Eventually I cut my hair and got a real job, but stayed committed to proving that Jesus’s counter-cultural, new truth, do-the-impossible vibe worked in primetime adult life. I wore a suit and tie (!) to work, but still pushed the Jesus Freak agenda to the max, and might still be doing that if I hadn’t gotten lucky and got myself kicked out of the “church renewal movement” I was part of for doing exactly what I’d been taught. (A story I’ve told elsewhere and won’t repeat here.)

On the way out of Christianity, I stumbled into self-help. It lacked Christian ecclesiology, iconography, doctrine, vocabulary, and historical trappings, so for awhile I thought it was some kind of new psychology-based way to successful living – which is precisely what the self-helpers want us to think. But after awhile, it was all too familiar. “God” was often still “God” but more often “the Universe.” The Bible was misquoted in pseudo-Biblical sound bytes. Jesus was mentioned now and then – usually with the lame “good teacher” title —  and sometimes was completely reinvented — like when The Secret declared that he was a millionaire. And on it went. Before long it was clear that self-help was a wannabe substitute religion for Christianity. Its belief dynamics were identical. Like Christianity, it declared that doing the impossible could become the new normal if we just believed. Both religions claimed they could show you how believe effectively enough to get the impossible things you wanted.
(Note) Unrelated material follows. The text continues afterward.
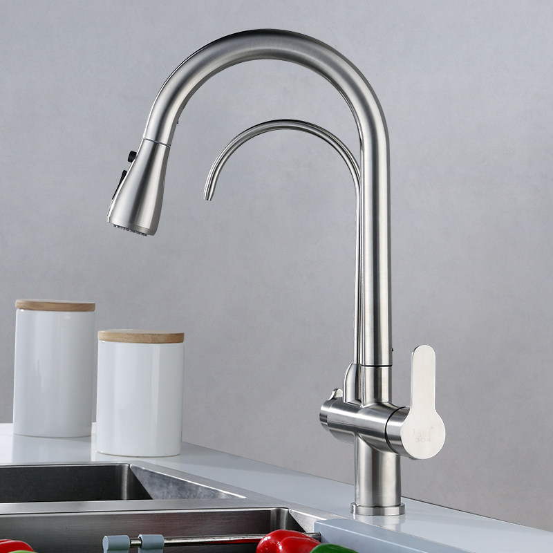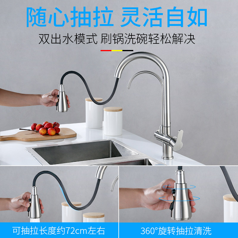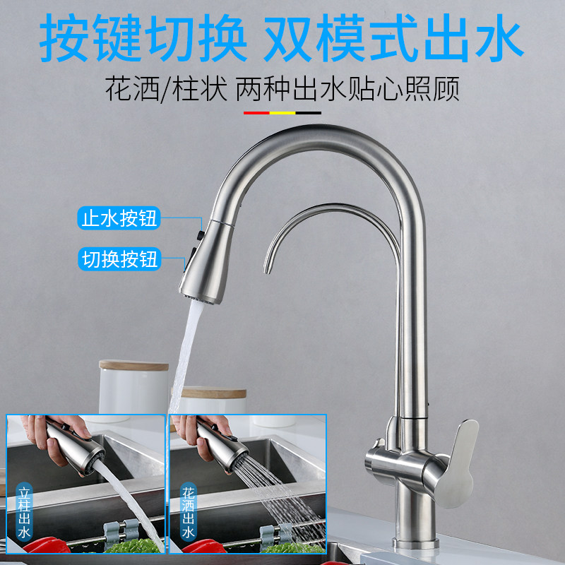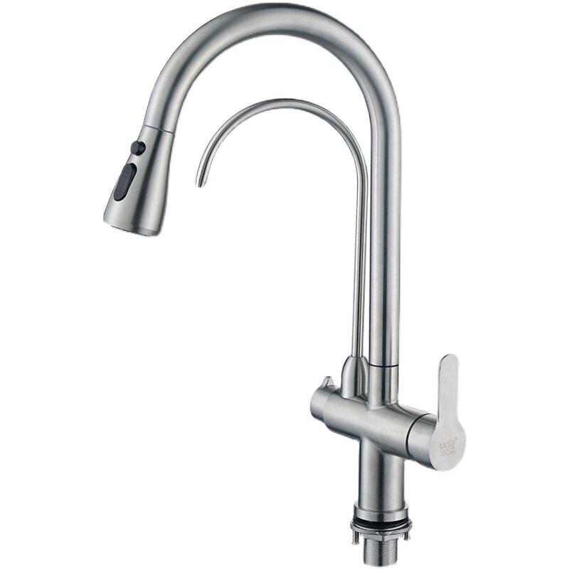 Kitchen pull-out tap Three-in-one hot and cold 304 stainless steel sink Home washing basin swivel straight drinking water purification

As far as I can tell, Plato was the first one to write, “wisdom is what works.” I pushed the “do the impossible” gospel to the point where it finally failed the “wisdom is what works” test so completely I couldn’t make excuses for it anymore.

If that’s not delusion, it’ll do till the real thing comes along.

Now I’m in recovery. I’m done with doing the impossible. That shit is toxic to me now. I can’t go anywhere near it.